L’héritage de Chris Bumstead
En six ans, « Cbum » est devenu l’icône mondiale du fitness. Sa retraite laisse un vide, mais ouvre une nouvelle ère pour la discipline. Sans un champion dominant de sa trempe, le titre de Mr Olympia Classic Physique 2025 sera l’un des plus disputés de l’histoire.
Son parcours se résume par une domination sans partage avec six titres consécutifs entre 2019 et 2024. Il a su démocratiser la catégorie auprès de millions de fans et a redéfini les critères de jugement de la division, imposant un standard esthétique exigeant.
Le contexte de l’édition 2024 : une organisation millimétrée
Le Mr Olympia 2024 marquait le 60ème anniversaire de la compétition créée par Joe Weider. Le retour à Las Vegas a attiré des milliers de spectateurs. Cette édition a mis en avant l’évolution des dotations financières, avec plus de 600 000 $ de primes distribuées, témoignant de la santé économique du bodybuilding.
Un système de qualification plus strict
Pour cette édition, l’IFBB Pro League a durci les règles d’accès. Seuls les vainqueurs des compétitions majeures et le top 3 de l’année précédente étaient automatiquement qualifiés. Ce système a élevé le niveau global de la scène, garantissant que chaque athlète présent à Las Vegas était dans la forme de sa vie. Cela a permis aux juges de consacrer plus de temps aux comparaisons individuelles.
Les autres résultats marquants du week-end
Si la Classic Physique a fait vibrer le public, d’autres catégories ont couronné de grands champions. En Men’s Open, Samson Dauda a remporté le titre suprême, marquant un tournant vers des physiques plus esthétiques, même chez les poids lourds. Chez les femmes, Andrea Shaw a confirmé son règne en Ms. Olympia, tandis que Ryan Terry a conservé sa suprématie en Men’s Physique.

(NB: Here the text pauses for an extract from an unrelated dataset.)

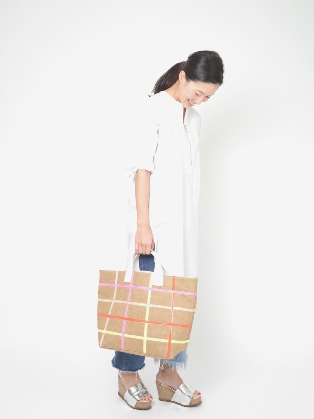 JUNKOのトートバッグ「リネントートバッグ(MIDIUM)」を使ったコーディネート

Vers une nouvelle hiérarchie mondiale en 2025
Avec le départ de Bumstead, la question de la succession est ouverte. Le classement de 2024 fournit des indices précieux. Mike Sommerfeld part favori grâce à sa deuxième place, mais Urs Kalecinski et Ramon Dino restent des prétendants sérieux. De plus, de jeunes talents émergent dans les compétitions régionales, prêts à bousculer l’ordre établi.
La catégorie Classic Physique n’a jamais été aussi populaire. Elle représente l’équilibre entre force, esthétique et santé. Les fans attendent désormais de voir comment les critères de jugement évolueront sans l’ombre de Bumstead, et quel athlète saura incarner le nouveau visage de cette division.